*DATASET CONTENT*:
+--

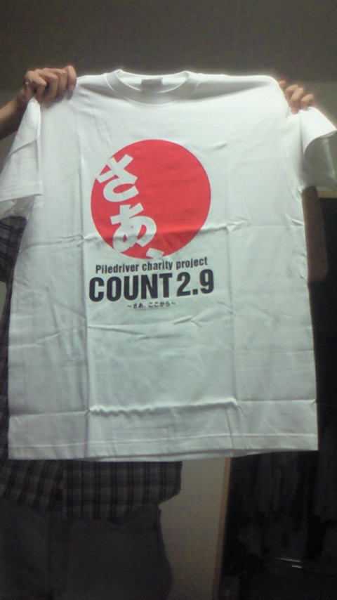 これは、鈴木みのる選手が提唱し、それに賛同する選手たちで開催したチャリティー興行『カウント2.9』の記念Tシャツ。会場に駆けつけることは出来ませんでしたが、ネットショップで購入しました。VMのチャリティーTシャツはちょっと着て歩くことが出来なくなってしまったので、こっちはちゃんと着て歩きたいと思います。
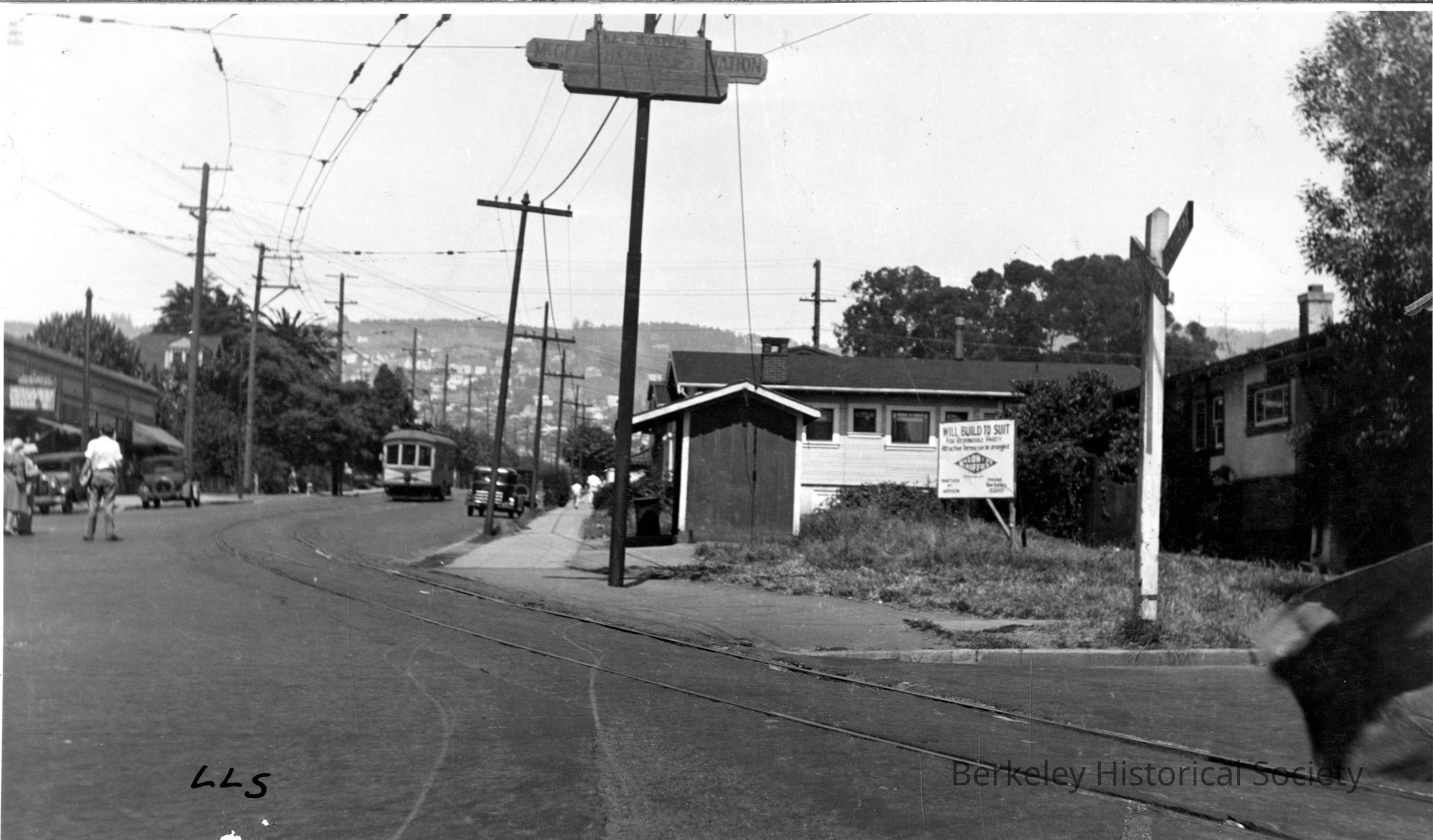 Streetcar coming down Hopkins Street to McGee; people waiting for car.
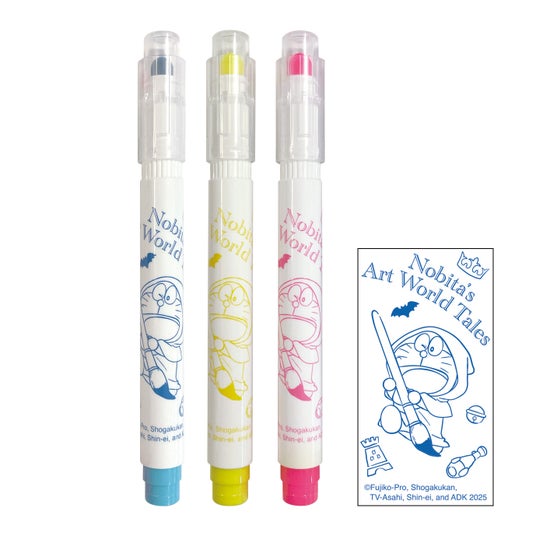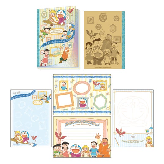 今回発売するのは、映画に登場する衣裳を着たドラえもんや、映画のオリジナルキャラクターが描かれた10アイテムです。3/1(土)から、きらきらメモ・ミニダブルファイル・レターセットの3アイテム、3/7(金)から、アクリルペンスタンド・キャンバス缶バッジ2種・ポーチ・プラコップ・ダイカットタオル2種・蛍光ペン・ロケット色鉛筆の7アイテムを、いずれも数量限定で販売いたします。ぜひこの機会にお買い求めください。

+--

*WHAT TO PRODUCE*: Every line of the material must be returned verbatim, and pictures must be left behind.

*REPLY*:
 これは、鈴木みのる選手が提唱し、それに賛同する選手たちで開催したチャリティー興行『カウント2.9』の記念Tシャツ。会場に駆けつけることは出来ませんでしたが、ネットショップで購入しました。VMのチャリティーTシャツはちょっと着て歩くことが出来なくなってしまったので、こっちはちゃんと着て歩きたいと思います。
 Streetcar coming down Hopkins Street to McGee; people waiting for car.
 今回発売するのは、映画に登場する衣裳を着たドラえもんや、映画のオリジナルキャラクターが描かれた10アイテムです。3/1(土)から、きらきらメモ・ミニダブルファイル・レターセットの3アイテム、3/7(金)から、アクリルペンスタンド・キャンバス缶バッジ2種・ポーチ・プラコップ・ダイカットタオル2種・蛍光ペン・ロケット色鉛筆の7アイテムを、いずれも数量限定で販売いたします。ぜひこの機会にお買い求めください。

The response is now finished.